---------- INPUT DATA

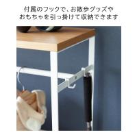 付属のフックにリードやお出掛け小物を引っ掛けておけば、お散歩に行くのもスムーズに。玄関や廊下に置いてコンソールテーブルとして使ったり、ベビーベッドの横に置いてベビー服用のハンガーラックとしても使えます。スチール×天然木のナチュラルな天板で、どんな空間にもなじむデザインです。
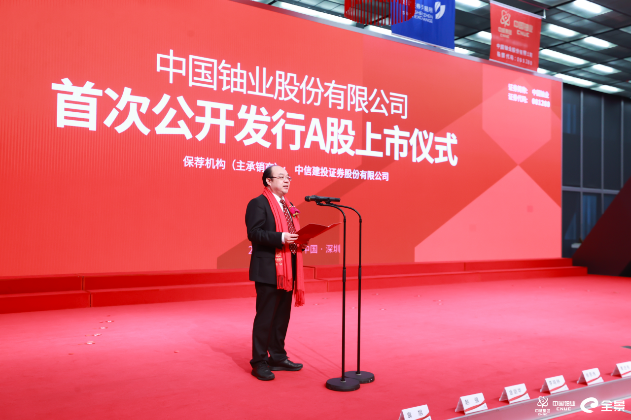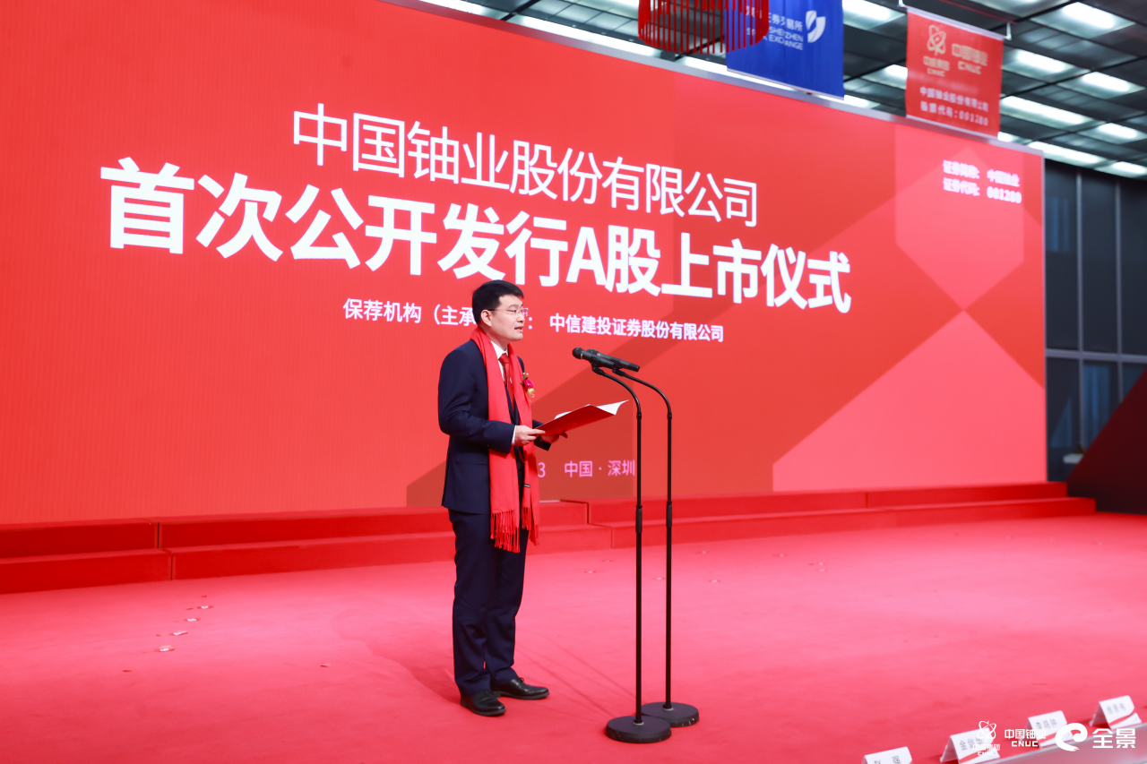 上市儀式現場,中核集團總經理、黨組副書記張濤,國家原子能機構系統工程司副司長王進軍,中核集團黨組成員、總會計師王學軍,中核集團黨組成員、副總經理陳軍利,國家產業基金董事長曲克波,中國國新控股有限責任公司黨委書記、董事長徐思偉,中信建投證券股份有限公司黨委副書記、總經理金劍華,中國鈾業黨委書記、董事長袁旭一同為中國鈾業敲鐘開市。中國礦業聯合會黨委書記、會長程利偉,中國核能行業協會常務副理事長曹述棟,深圳證券交易所黨委委員、副總經理李鳴鐘,保薦人(主承銷商)團隊、股東與公司管理層代表、中介機構代表以及媒體記者等共同見證了這一時刻。
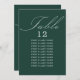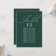 Emerald Green wedding table seating card with elegant calligraphy and editable typography. Simple, modern minimalist design to suit your wedding colors. Table is lettered in handwritten script and the template is ready for you to edit the table number and your guest seating list.

--------------------

The data above must be copied exactly. Leave out the pictures.

 付属のフックにリードやお出掛け小物を引っ掛けておけば、お散歩に行くのもスムーズに。玄関や廊下に置いてコンソールテーブルとして使ったり、ベビーベッドの横に置いてベビー服用のハンガーラックとしても使えます。スチール×天然木のナチュラルな天板で、どんな空間にもなじむデザインです。
 上市儀式現場,中核集團總經理、黨組副書記張濤,國家原子能機構系統工程司副司長王進軍,中核集團黨組成員、總會計師王學軍,中核集團黨組成員、副總經理陳軍利,國家產業基金董事長曲克波,中國國新控股有限責任公司黨委書記、董事長徐思偉,中信建投證券股份有限公司黨委副書記、總經理金劍華,中國鈾業黨委書記、董事長袁旭一同為中國鈾業敲鐘開市。中國礦業聯合會黨委書記、會長程利偉,中國核能行業協會常務副理事長曹述棟,深圳證券交易所黨委委員、副總經理李鳴鐘,保薦人(主承銷商)團隊、股東與公司管理層代表、中介機構代表以及媒體記者等共同見證了這一時刻。
 Emerald Green wedding table seating card with elegant calligraphy and editable typography. Simple, modern minimalist design to suit your wedding colors. Table is lettered in handwritten script and the template is ready for you to edit the table number and your guest seating list.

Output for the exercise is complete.